First you have to find it. In this case, you already know what file it is. But suppose you didn’t; how would you identify what file or files were taking up so much space? If you run git gc, all the objects are in a packfile; you can identify the big objects by running another plumbing command called git verify-pack and sorting on the third field in the output, which is file size. You can also pipe it through the tail command because you’re only interested in the last few largest files:

$ git verify-pack -v .git/objects/pack/pack-3f8c0...bb.idx | sort -k 3 -n | tail -3
e3f094f522629ae358806b17daf78246c27c007b blob   1486 734 4667
05408d195263d853f09dca71d55116663690c27c blob   12908 3478 1189
7a9eb2fba2b1811321254ac360970fc169ba2330 blob   2056716 2056872 5401

The big object is at the bottom: 2MB. To find out what file it is, you’ll use the rev-list command, which you used briefly in Chapter 7. If you pass --objects to rev-list, it lists all the commit SHAs and also the blob SHAs with the file paths associated with them. You can use this to find your blob’s name:

$ git rev-list --objects --all | grep 7a9eb2fb
7a9eb2fba2b1811321254ac360970fc169ba2330 git.tbz2

Now, you need to remove this file from all trees in your past. You can easily see what commits modified this file:

$ git log --pretty=oneline --branches -- git.tbz2
da3f30d019005479c99eb4c3406225613985a1db oops - removed large tarball
6df764092f3e7c8f5f94cbe08ee5cf42e92a0289 added git tarball

You must rewrite all the commits downstream from 6df76 to fully remove this file from your Git history. To do so, you use filter-branch, which you used in Chapter 6:

$ git filter-branch --index-filter \
   'git rm --cached --ignore-unmatch git.tbz2' -- 6df7640^..
Rewrite 6df764092f3e7c8f5f94cbe08ee5cf42e92a0289 (1/2)rm 'git.tbz2'
Rewrite da3f30d019005479c99eb4c3406225613985a1db (2/2)
Ref 'refs/heads/master' was rewritten

The --index-filter option is similar to the --tree-filter option used in Chapter 6, except that instead of passing a command that modifies files checked out on disk, you’re modifying your staging area or index each time. Rather than remove a specific file with something like rm file, you have to remove it with git rm --cached — you must remove it from the index, not from disk. The reason to do it this way is speed — because Git doesn’t have to check out each revision to disk before running your filter, the process can be much, much faster. You can accomplish the same task with --tree-filter if you want. The --ignore-unmatch option to git rm tells it not to error out if the pattern you’re trying to remove isn’t there. Finally, you ask filter-branch to rewrite your history only from the 6df7640 commit up, because you know that is where this problem started. Otherwise, it will start from the beginning and will unnecessarily take longer.

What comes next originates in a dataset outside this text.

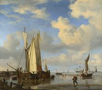 Hollandse schepen dicht bij laag water, en badende mannen, Willem van de Velde (1661)
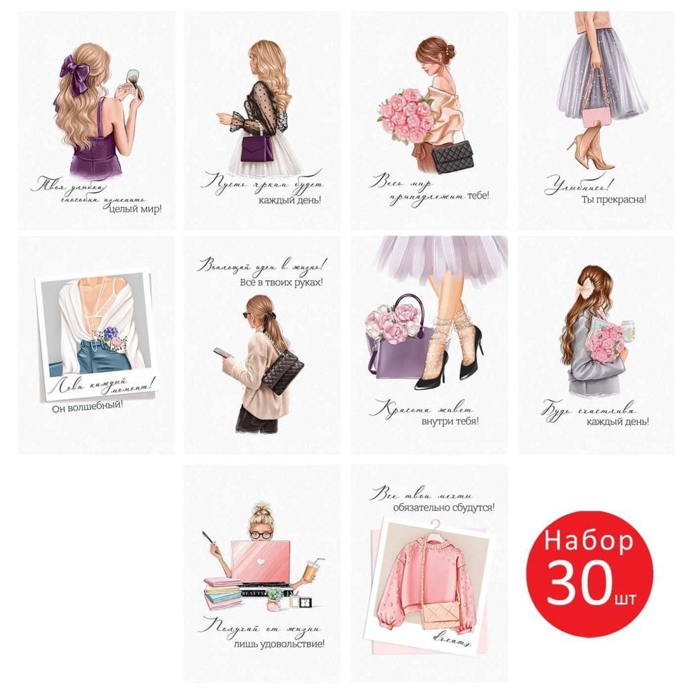 Набор открыток формата А7 предназначен для розничной и оптовой продажи как готовое решение для поздравлений и оформления подарков в женской и молодежной тематике. В комплект входит 30 отдельных элементов размером 100 × 70 мм, выполненных из плотного картона, что обеспечивает стабильную форму, аккуратный внешний вид и устойчивость к сгибам при стандартной эксплуатации и пересылке. Лицевая сторона каждой открытки содержит полноцветное изображение в единой стилистике: иллюстрации девушек, аксессуаров и цветов с короткими мотивационными и поздравительными фразами, выдержанными в современном графическом оформлении. Внутренняя сторона без текста, оставлена пустой для самостоятельного внесения надписей, что упрощает адаптацию под разные случаи: дни рождения, личные поздравления, небольшие комплименты, поощрения, вложения к подарочным сертификатам и сувенирам. Отсутствие отделки делает поверхность удобной для письма любыми распространенными видами ручек и маркеров, а также облегчает хранение и штабелирование при оптовых поставках. Компактный формат А7 позволяет использовать открытки как самостоятельный мини-подарок, как вложение в упаковку, конверт или коробку, а также как декоративный элемент при оформлении витрин, подарочных наборов и тематических мероприятий. Нейтральная, но узнаваемая визуальная концепция облегчает включение набора в широкий ассортимент подарочной продукции, канцтоваров, сопутствующих товаров в магазинах одежды, косметики и аксессуаров. Стандартные размеры и материал способствуют рациональной логистике: открытки удобно фасовать, перевозить и хранить без риска деформации при соблюдении обычных условий складирования. Набор из 30 штук подходит для плановых закупок, формирования серийных подарочных предложений и равномерного расходования в течение сезона.

Your history no longer contains a reference to that file. However, your reflog and a new set of refs that Git added when you did the filter-branch under .git/refs/original still do, so you have to remove them and then repack the database. You need to get rid of anything that has a pointer to those old commits before you repack:

$ rm -Rf .git/refs/original
$ rm -Rf .git/logs/
$ git gc
Counting objects: 19, done.
Delta compression using 2 threads.
Compressing objects: 100% (14/14), done.
Writing objects: 100% (19/19), done.
Total 19 (delta 3), reused 16 (delta 1)

Let’s see how much space you saved.

$ git count-objects -v
count: 8
size: 2040
in-pack: 19
packs: 1
size-pack: 7
prune-packable: 0
garbage: 0

The packed repository size is down to 7K, which is much better than 2MB. You can see from the size value that the big object is still in your loose objects, so it’s not gone; but it won’t be transferred on a push or subsequent clone, which is what is important. If you really wanted to, you could remove the object completely by running git prune --expire.